Conceptus Inc.
- Company type: Privately held company
- Industry: Medical devices
- Founded: 1992
- Defunct: June 5, 2013
- Fate: Acquired
- Successor: Bayer AG
- Headquarters: Mountain View, California, United States
- Area served: Worldwide
- Products: Non-incisional micro-catheter for fallopian tubes, Essure female sterilization device
- Parent: Bayer AG
- Website: www.conceptus.com

= Conceptus Inc. =

Conceptus was an American medical products manufacturer and developer. Since 2013, it has been a fully owned subsidiary of Bayer AG of Germany.

== History ==
Founded in 1992, the corporation had its headquarters in Mountain View, California. The company began the development of micro-catheter and guidewire systems that allowed physicians to access and navigate the fallopian tubes using a non-incisional approach. While this technology was first used in products to diagnose or treat infertility, in 1998, the company focused on the design, development, and clinical testing of Essure, a non-incisional alternative to tubal ligation.
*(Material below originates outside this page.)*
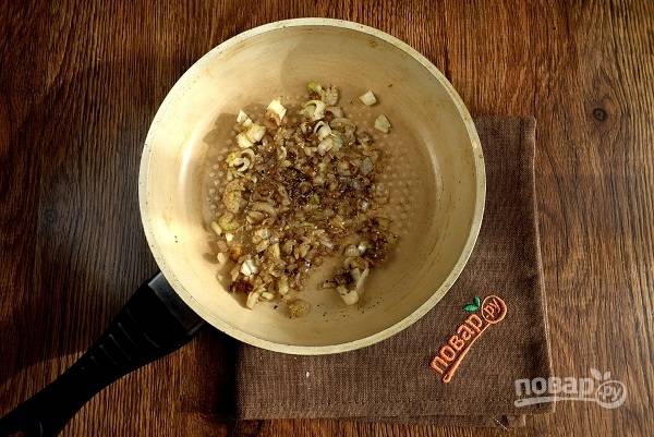 Разогрейте на сковороде масло, высыпьте специи, немного прогрейте. Добавьте измельченный лук, пассеруйте его до мягкости.

Essure showed promise by eliminating the cutting, clipping, and burning associated with tubal ligation. After clinical testing, Conceptus began marketing Essure commercially in Australia, Singapore, Europe, and Canada. In 2002, the US Food and Drug Administration approved the use of Essure in the United States.

On April 29, 2013, Bayer AG made a cash offer of $31.00 per share for Conceptus, a 20% premium to the company's stock market price, valuing it at $1.1bn. The deal was completed and closed on June 5, 2013.